ASSIGNMENT :: Filter the data below for the string "amigas" and copy each matching line.

^^^^^^^^^^^^^^^^

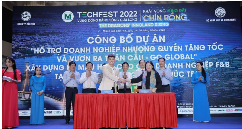
Công bố dự án “hỗ trợ doanh nghiệp nhượng quyền tăng tốc và vươn ra toàn cầu – Go Global”.
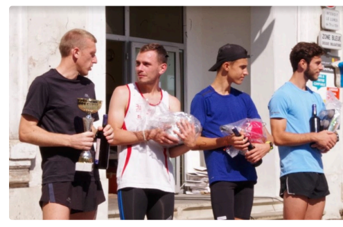
10kms mirande 2018 8.JPG
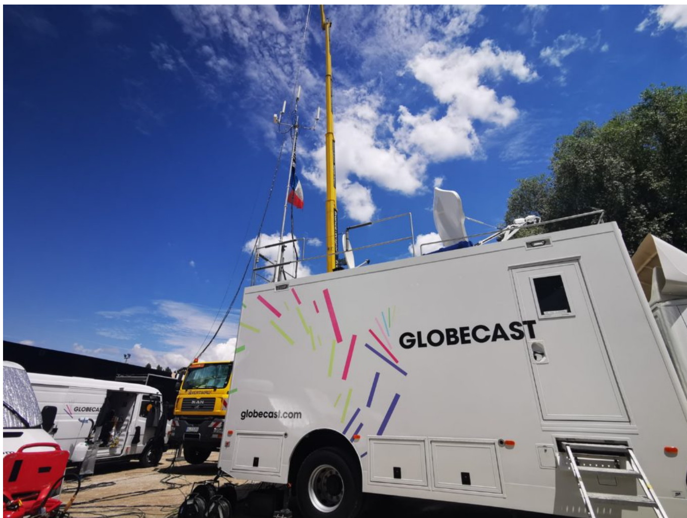
Globecast, filiale d'Orange.

En sortant du car, nous voilà nez à nez avec une étrange girafe jaune perdue dans le ciel bleu. Une grue qui porte des paraboles à 60 mètres de haut. Elles servent de relais entre le car de la SFP, qui récupère les flux vidéo des motos et des hélicoptères, et le car régie de France Télévisions dans lequel le réalisateur sélectionne les images qui passent à l'antenne.
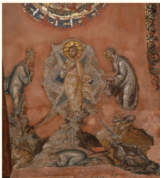
Εἰκ. 12. Ναὸς Ἁγίων Ἀποστόλων Θεσσαλονίκης. 1312-1315.

Μιὰ ἀκόμη εἰκονογραφικὴ λεπτομέρεια πού παρουσιάζει ἀλλαγὴ τὴν περίοδο αὐτή, εἶναι ἡ ἀπόδοση τοῦ ὄρους Θαβῶρ. Στὶς πρώιμες παραστάσεις τὸ ὄρος ἀπουσιάζει καὶ τὸ ἔδαφος ὑποδηλώνεται μὲ χρωματιστὲς λωρίδες, ὅπως στὸ ψηφιδωτὸ τοῦ Σινᾶ (εἰκ. 2) ἢ μὲ πράσινη χλόη, τὴν ὁποία κοσμοῦν ἄνθη, ὅπως στὴ Νέα Μονὴ Χίου (εἰκ. 3). Τὸ ὄρεινὸ τοπίο τοῦ Θαβῶρ ἀποδίδεται ἀπὸ τὸν 11ο αἰῶνα, ἀρχικά, μὲ μαλακὴ καμπύλη, ἐπάνω στὴν ὁποία πατᾶ ὁ Ἰησοῦς, ὅπως βλέπουμε στὸν κώδικα 1 (φ. 296β) τῆς Μονῆς Ἰβήρων (εἰκ. 4) 75 , στὴν Μονὴ Δαφνίου 76 κ.α. Ἦδη ἀπὸ τὴν μεσοβυζαντινὴν περίοδο, τὸ ὄρος σχηματοποιεῖται μὲ κλιμακωτοὺς βράχους, ὅπως σὲ εἰκόνα τοῦ
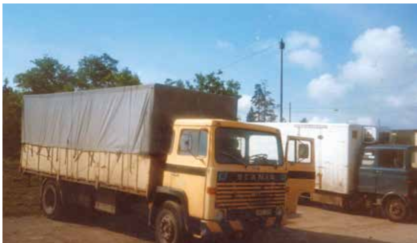
Jeden z transportów z pomocą charytatywną, tym razem dwiema ciężarówkami – scanią i mercedesem, pierwsza połowa lat osiemdziesiątych
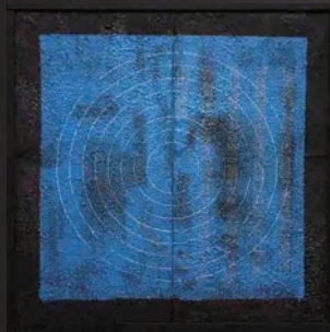
《Blueprint Solar System》
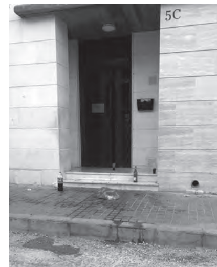
Estado de un portal de La Canal
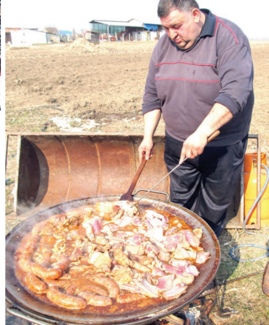
Cveja je bio zadužen za tanjiraču
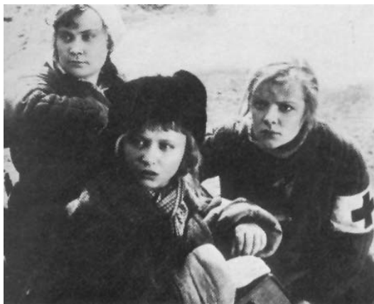
Las tres amigas.

Leo Arnstam debutó como realizador de largometrajes con Las tres amigas –Podrugi– (1936) que muestra el papel de la mujer antes y durante la Revolución rusa. Es un filme más psicológico que de acción, ya que la gesta revolucionaria es un simple telón de fondo del tormento interior de las protagonistas: Zoja, Natasa y Asja. Siendo unas niñas pobres conocen a dos revolucionarios clandestinos, Silye y Andrei. Unos años más tarde, ellos y ellas combaten en varios frentes durante la Guerra

^^^^^^^^^^^^^^^^

YOUR SOLUTION ::
Las tres amigas.
Leo Arnstam debutó como realizador de largometrajes con Las tres amigas –Podrugi– (1936) que muestra el papel de la mujer antes y durante la Revolución rusa. Es un filme más psicológico que de acción, ya que la gesta revolucionaria es un simple telón de fondo del tormento interior de las protagonistas: Zoja, Natasa y Asja. Siendo unas niñas pobres conocen a dos revolucionarios clandestinos, Silye y Andrei. Unos años más tarde, ellos y ellas combaten en varios frentes durante la Guerra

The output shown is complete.